* TASK BRIEF *
When you retype the data, keep every word exactly and include none of the pictures.

* DATA EXCERPTS *
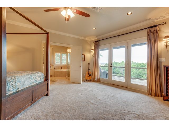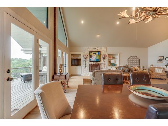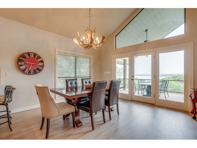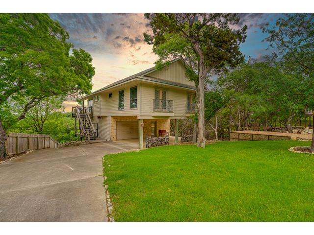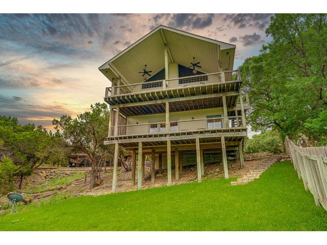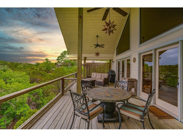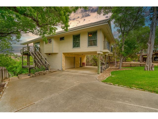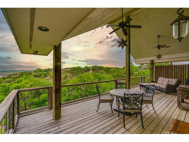 Views + Waterfront!! Outlaw Builders Home - used only as a vacation home by current owners, so in fantastic shape. Freshly updated kitchen including brand new quartz countertops, new oven/range, new dishwasher, new sink. Freshly updated bathrooms with brand new quartz countertops, sinks and fixtures. Fabulous decks (north facing) overlooking Canyon Lake - very private and quiet, perfect for morning coffee or evening wine. Lower level of the house includes the primary suite, with private deck + laundry room. Upper level features freshly updated kitchen and huge entertaining great room with wall of windows overlooking the lake. Upper level also included 2 additional bedrooms with private Juliet balconies. This home is a haven for those seeking a tranquil lakeside lifestyle.
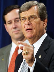 Chester Trent Lott, Sr. is an American politician. A former United States Senator from Mississippi, Lott served in numerous leadership positions in both the United States House of Representatives and the Senate. He entered Congress as one of the first of a wave of Republicans winning seats in Southern states that had been solidly Democratic. He became Senate Majority Leader, then fell from power after praising Strom Thurmond's 1948 segregationist Dixiecrat presidential bid... (wikipedia)
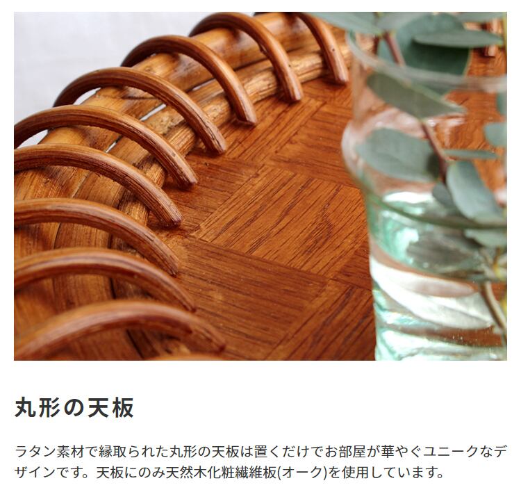 天然木とラタンのラウンド型サイドテーブル
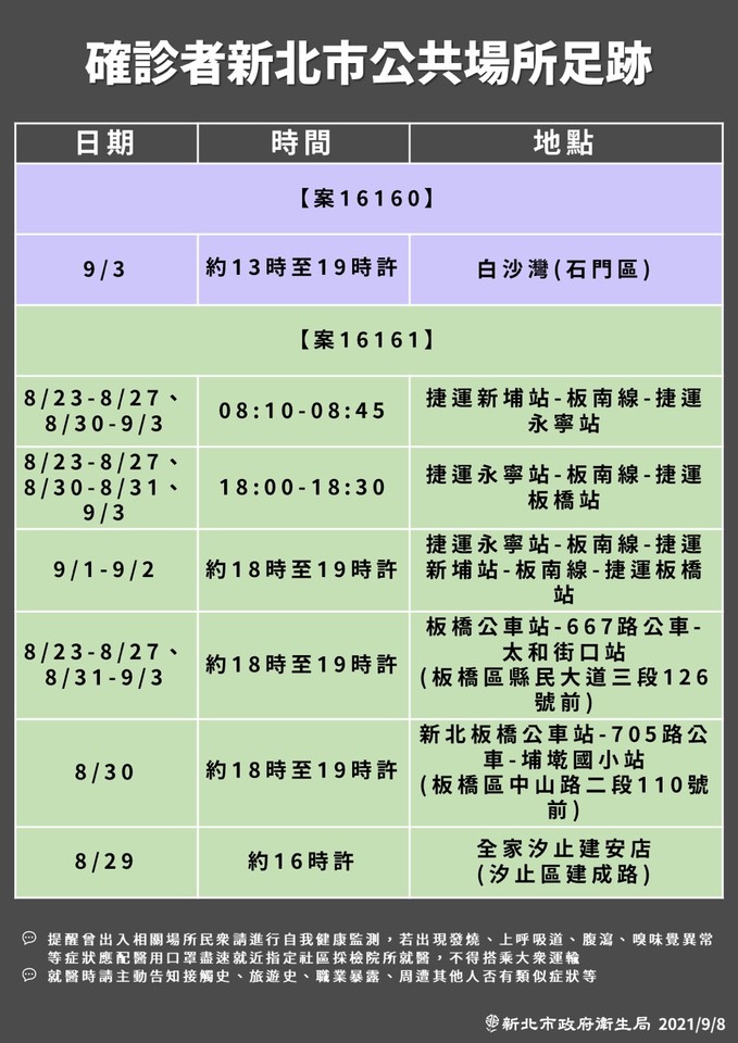 衛生局進一步公布足跡,案16161多次搭乘捷運往返新埔、永寧站,也曾搭過667路公車、705路公車;案16158、16160、16161、16162則曾多次搭乘捷運板南線、淡水信義線,前往台大醫院站、台北車站,最遠的足跡則是9/5有確診者曾搭乘太魯閣227車次,從花蓮火車站到板橋火車站。
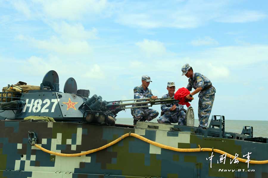 海军陆战队某旅两栖装甲车海上浮渡射击训练
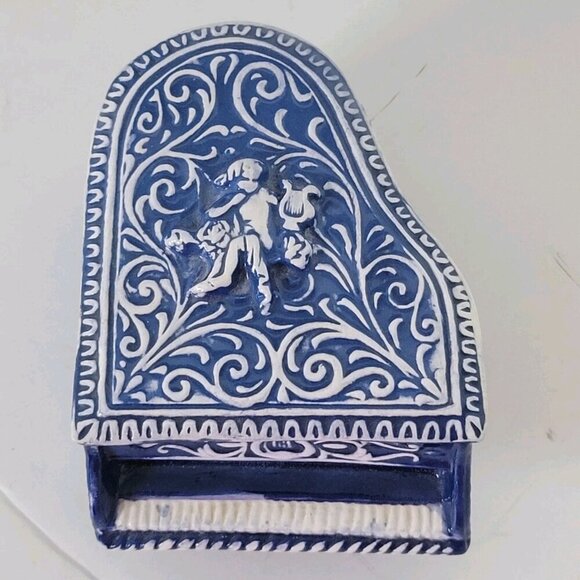 The Baby Grand Piano Trinket Box is a unique and handmade ceramic piece, created in the in 1972 by Janet Williamson. The blue and white color scheme adds a touch of elegance to this trinket box, making it a charming collectible for those who appreciate fine craftsmanship and vintage pieces. With its marked design and intricate details, this piano trinket box is a one-of-a-kind item that would make a lovely addition to any vanity or dressing table.
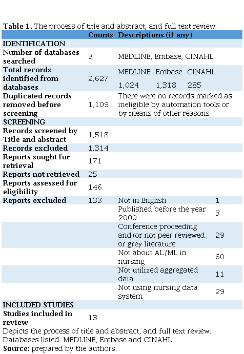 Abstract: Introduction. Artificial intelligence and machine learning are technologies that assist in uncovering patterns in data that can inform clinical decision-making. The Registered Nurses’ Association of Ontario has used artificial intelligence techniques to assist in understanding impactful clinical practices and implementation strategies. This scoping review aimed to discover the adaptation and implementation of various artificial intelligence and machine learning techniques in various healthcare settings using different data systems that house nursing-related data. Methodology. In March 2022, a scoping review was conducted to search for peer-reviewed literature using the following terms: “nursing”, “artificial intelligence”, “data systems”, “statistics”, and “aggregated data”. Studies were excluded if they were not relevant to nursing, utilized qualitative or mixed-methods analyses, were literature review articles, and did not focus on artificial intelligence or the use of patient-level data. Results. A total of 2,627 articles were retrieved, with 1,518 articles remaining after de-duplication. Through title and abstract screening, 1,347 articles remained. Following the full-text screening, 13 studies remained. Artificial intelligence techniques used by healthcare data systems include regression, neural networks, classification, and graph-based methods, among others. Discussion. There is a gap in the application of artificial intelligence methods in data systems that evaluate the impact of implementing best practices in nursing. More data systems are needed that employ artificial intelligence techniques to support the evaluation of best practices in nursing and other health professions. Conclusions. Various artificial intelligence techniques in data systems housing nursing-related data were retrieved. However, more data systems and research are needed in this area.

* REPLY *
 Views + Waterfront!! Outlaw Builders Home - used only as a vacation home by current owners, so in fantastic shape. Freshly updated kitchen including brand new quartz countertops, new oven/range, new dishwasher, new sink. Freshly updated bathrooms with brand new quartz countertops, sinks and fixtures. Fabulous decks (north facing) overlooking Canyon Lake - very private and quiet, perfect for morning coffee or evening wine. Lower level of the house includes the primary suite, with private deck + laundry room. Upper level features freshly updated kitchen and huge entertaining great room with wall of windows overlooking the lake. Upper level also included 2 additional bedrooms with private Juliet balconies. This home is a haven for those seeking a tranquil lakeside lifestyle.
 Chester Trent Lott, Sr. is an American politician. A former United States Senator from Mississippi, Lott served in numerous leadership positions in both the United States House of Representatives and the Senate. He entered Congress as one of the first of a wave of Republicans winning seats in Southern states that had been solidly Democratic. He became Senate Majority Leader, then fell from power after praising Strom Thurmond's 1948 segregationist Dixiecrat presidential bid... (wikipedia)
 天然木とラタンのラウンド型サイドテーブル
 衛生局進一步公布足跡,案16161多次搭乘捷運往返新埔、永寧站,也曾搭過667路公車、705路公車;案16158、16160、16161、16162則曾多次搭乘捷運板南線、淡水信義線,前往台大醫院站、台北車站,最遠的足跡則是9/5有確診者曾搭乘太魯閣227車次,從花蓮火車站到板橋火車站。
 海军陆战队某旅两栖装甲车海上浮渡射击训练
 The Baby Grand Piano Trinket Box is a unique and handmade ceramic piece, created in the in 1972 by Janet Williamson. The blue and white color scheme adds a touch of elegance to this trinket box, making it a charming collectible for those who appreciate fine craftsmanship and vintage pieces. With its marked design and intricate details, this piano trinket box is a one-of-a-kind item that would make a lovely addition to any vanity or dressing table.
 Abstract: Introduction. Artificial intelligence and machine learning are technologies that assist in uncovering patterns in data that can inform clinical decision-making. The Registered Nurses’ Association of Ontario has used artificial intelligence techniques to assist in understanding impactful clinical practices and implementation strategies. This scoping review aimed to discover the adaptation and implementation of various artificial intelligence and machine learning techniques in various healthcare settings using different data systems that house nursing-related data. Methodology. In March 2022, a scoping review was conducted to search for peer-reviewed literature using the following terms: “nursing”, “artificial intelligence”, “data systems”, “statistics”, and “aggregated data”. Studies were excluded if they were not relevant to nursing, utilized qualitative or mixed-methods analyses, were literature review articles, and did not focus on artificial intelligence or the use of patient-level data. Results. A total of 2,627 articles were retrieved, with 1,518 articles remaining after de-duplication. Through title and abstract screening, 1,347 articles remained. Following the full-text screening, 13 studies remained. Artificial intelligence techniques used by healthcare data systems include regression, neural networks, classification, and graph-based methods, among others. Discussion. There is a gap in the application of artificial intelligence methods in data systems that evaluate the impact of implementing best practices in nursing. More data systems are needed that employ artificial intelligence techniques to support the evaluation of best practices in nursing and other health professions. Conclusions. Various artificial intelligence techniques in data systems housing nursing-related data were retrieved. However, more data systems and research are needed in this area.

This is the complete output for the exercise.